The plot is as silly as the nature of the adventure describes. Due to a mislabeled shipment of monkey pants getting mixed in monkey helmets at the monkey park, the evil supergenius monkey Specter is able to once again get back his super intelligence, give all his mischievous buddies better smarts as well, and escape from the monkey park. You as Hikaru, whose fault this more or less is, are tasked with going out there to the various places and times the monkeys have run off to to re-capture them. It's all a very light-hearted and silly affair that doesn't take itself too seriously.
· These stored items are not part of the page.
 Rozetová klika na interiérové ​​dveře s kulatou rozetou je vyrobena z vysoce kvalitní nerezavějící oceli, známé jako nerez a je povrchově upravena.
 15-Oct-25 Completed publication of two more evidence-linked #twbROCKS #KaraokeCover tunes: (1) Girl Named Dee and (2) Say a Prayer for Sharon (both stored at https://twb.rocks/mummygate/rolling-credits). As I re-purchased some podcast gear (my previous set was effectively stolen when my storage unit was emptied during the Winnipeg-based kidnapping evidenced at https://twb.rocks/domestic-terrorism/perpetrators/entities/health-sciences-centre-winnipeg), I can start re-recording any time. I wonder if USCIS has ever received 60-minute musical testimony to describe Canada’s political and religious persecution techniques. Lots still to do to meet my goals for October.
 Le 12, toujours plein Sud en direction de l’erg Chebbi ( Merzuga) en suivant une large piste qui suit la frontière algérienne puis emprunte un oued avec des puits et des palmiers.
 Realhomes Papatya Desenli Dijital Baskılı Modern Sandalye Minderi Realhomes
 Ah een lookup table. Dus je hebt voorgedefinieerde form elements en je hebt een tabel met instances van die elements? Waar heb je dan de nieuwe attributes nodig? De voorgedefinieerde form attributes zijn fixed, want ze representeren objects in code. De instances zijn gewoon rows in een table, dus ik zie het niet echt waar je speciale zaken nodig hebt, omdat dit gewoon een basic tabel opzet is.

While I do certainly have a soft spot for the English voice acting (I don't really like how Specter sounds like a kid in Japanese), the Japanese VA is also very fun, especially the Monkey Force Five who are all similarly campy and fun in their own ways in both English and Japanese.
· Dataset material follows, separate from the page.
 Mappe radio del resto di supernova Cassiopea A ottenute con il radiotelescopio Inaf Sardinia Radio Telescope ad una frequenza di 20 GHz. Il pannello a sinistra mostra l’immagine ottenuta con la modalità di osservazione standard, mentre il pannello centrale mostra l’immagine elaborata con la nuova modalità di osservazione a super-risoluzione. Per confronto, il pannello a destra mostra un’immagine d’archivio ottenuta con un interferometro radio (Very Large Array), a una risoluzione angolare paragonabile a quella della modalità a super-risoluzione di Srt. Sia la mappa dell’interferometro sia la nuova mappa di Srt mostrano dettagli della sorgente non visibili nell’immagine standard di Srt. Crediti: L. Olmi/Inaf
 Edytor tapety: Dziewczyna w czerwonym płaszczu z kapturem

As far as regional differences go, between my memory and the very small page for it on tcrf, there's very little differences between the English and Japanese aside from the VA and a nature around of the monkey's pun names. The only noteable ones are the English version technically having more monkeys out of the box, as 3 special event monkeys in the Japanese version are just wrapped into the main game seamlessly in English and don't require any special action on the part of the player to go and catch. Granted, that's 3 monkeys out of a total of 300, so it isn't exactly a mind-blowing amount of extra content, but the English version does technically have more to do. Then the weird thing I cannot imagine the reason for the English version lacking is the faster ability to change weapons by double tapping that face button to cycle through them. I mean it isn't a perfect system, as you have 14 of the things so going past the one you want can suck, but it's far faster and more fluid than going into the pause menu to change them every time like the English version forces you to. Perhaps they thought it was just a bit too fiddly to impose upon the international release of the game.

The presentation of the game is very Japanese without being explicitly so, and I think that speaks to just how little of the game was changed for the localization. It's very upbeat, very colorful, and has good music (although not anything particularly MP3-player-worthy, in my opinion), but it's all still grounded within its own logic. It's still fairly 'anime' in its style, but it's no Stretch Panic or Incredible Crisis.

Verdict: Highly Recommended. This is one of my favorite games on the PS2, and one of my favorite franchises of Sony's. I love the presentation, the characters, the gameplay, and the level design. If you like action/platformer games, this is absolutely a game worth checking out.